Bored Ape #2162 Is Now Untradeable
Due to an ongoing judicial case in Singapore, OpenSea has stopped trading for Bored Ape Yacht Club #2162 NFT on its platform.
On OpenSea, the world’s largest NFT marketplace, BAYC #2162 has been flagged as “reported for suspicious activity.” This marking makes it impossible for the present owner to sell the NFT. Prospective purchasers are also unable to make offers on the item.
According to a court filing and a statement from Singaporean legal firm Withers KhattarWong, a man named Rajesh Rajkumar was able to get an injunction from the Singapore High Court halting the sale when a loan deal with pseudonymous NFT collector chefpierre.eth deteriorated.
According to the law firm, all parties agreed to an NFT loan on March 19, followed by a refinancing arrangement a month later. This transaction took place on NFTfi, a platform for NFT lending.
Rajkumar utilized BAYC #2162 as collateral for the loan, according to the law firm’s statement, and both parties agreed on an extension clause for the refinanced loan. Although the plaintiff was unable to repay the debt by the due date, he still had the option of extending the repayment period as previously negotiated.

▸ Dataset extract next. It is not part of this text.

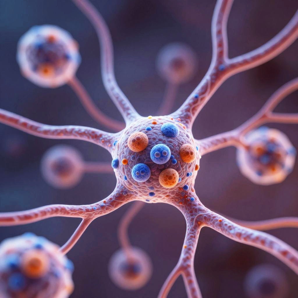 Artistic representation of vesicles bursting and releasing neurotransmitters in a synaptic cleft, vibrant colors, glowing particles, and fluid motion, detailed visualization of brain cell communication, digital painting style with high contrast lighting and sharp details.

Chefpierre, according to Withers, did not fulfill the extension arrangement and instead foreclosed on the debt. The NFT was transferred from the platform’s escrow to chefpierre’s wallet as a result of this activity.
The BAYC floor price, which is the market value of the collection’s lowest item, is now 96 ETH.
“While we don’t offer details about enforcement actions on individual collections, I can share that our platform policies and Terms of Service explicitly prohibit the use of OpenSea to buy, sell or transfer stolen items, fraudulently obtained items, items taken without authorization and/or any other illegally obtained items or launder money,” a spokesperson for OpenSea told The Block.
The floor price of the NFT collection Bored Ape Yacht Club went below $200,000 on Wednesday. BAYC’s floor price has dropped by a third in ETH terms and by more than 50% in dollar terms from the beginning of May, when the cheapest Bored Ape was $420,000.